Article by Justin Pugsley, Markets Analyst MahiFX  

The clumsy management of Cyprus and the solutions imposed may have done little more than set the scene for much more difficult rescues in the future. It was the soon to depart governor of the Bank of England, Mervyn King, who earlier this week presciently remarked that “whichever crisis we are talking about it is far from over” adding that there are likely to be more unexpected twists and turns.

King is right in his observation, which is why the way Cyprus was bailed out looks so short-sighted. Germany with an eye on its national elections later this year was a major instigator of these moves.

The Eurozone’s actions therefore put an even bigger premium on safety and right now that is the US and its currency with its large liquid capital markets and economy and by comparison with the Eurozone more reasonable politicians.

EUR/USD – charting capital flight

EUR USD Charting Capital Flight March 26 2013

Eurozone policy makers have been keen to show Cyprus as an exception due to its vastly over-sized banking system and alleged links with dirty Russian money. Certainly, its days as an offshore financial centre are now over.

However, the cat was let out of the bag by Jeroen Dijsselbloem, the Dutch finance minister who heads the Eurogroup and played a key role in the Cyprus negotiations. He foolishly suggested that the Cyprus bailout could form a template for future rescues, in other words depositors are now potentially fair game in future Eurozone bailouts.

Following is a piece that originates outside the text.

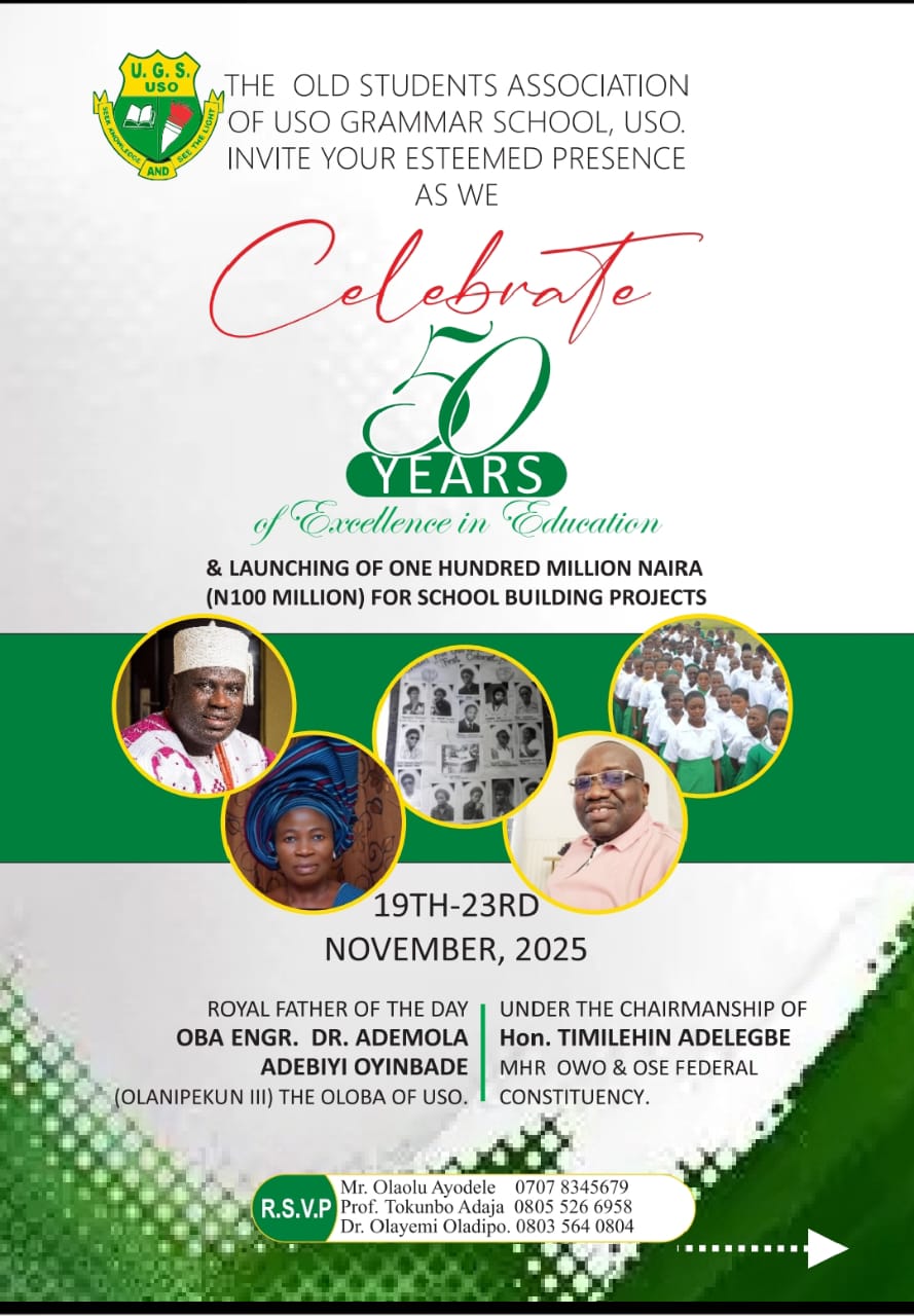 The Old Students Association of Uso Grammar School, Uso, is set to roll out the drums for a landmark celebration as the institution marks 50 years of academic excellence, community impact, and alumni achievements. The Golden Jubilee Celebration, scheduled for November 19–23, 2025, will also feature the formal launching of a ₦100 million School Building Project aimed at upgrading facilities and expanding learning infrastructure.

Though other peripheral Eurozone states do not have out-sized banking systems and therefore may not require ‘raids on depositors’ a very bad precedent has been set and this is another reason not to trust the EUR as a long-term store of value. That could also have implications for the EUR becoming a reserve currency to rival USD.

With a number of Eurozone countries cast into an eternity of depression like conditions questions have to be asked over the sustainably of the EUR itself. How much sacrifice are these populations willing to make for the sake of the single currency before they start to demand alternatives?

Without resolution there is plenty of downside for EUR/USD with support zones around 1.2700 and  1.2400 looking likely to be tested. However, if Eurozone policy makers can bring about a temporary reprieve it could see EUR/USD move back towards levels around 1.3000.

It’s not just the Eurozone

Elsewhere tensions continue to simmer in the Middle East over Iran. And then there is Syria where the civil war could destabilise a region that was carved up along artificial lines by its former European colonisers.

Over in Asia confidence over the Chinese economy could prove misplaced with reports of many basic industries such as petrochemicals and metals seeing reduced demand and in some cases idling capacity. The country has also been in the grips of a residential and infrastructure boom, which looks worrying like a bubble. Meanwhile, the Bank of Japan is on a mission to print the Japan back to growth in what could turn out to be a dangerous economic experiment.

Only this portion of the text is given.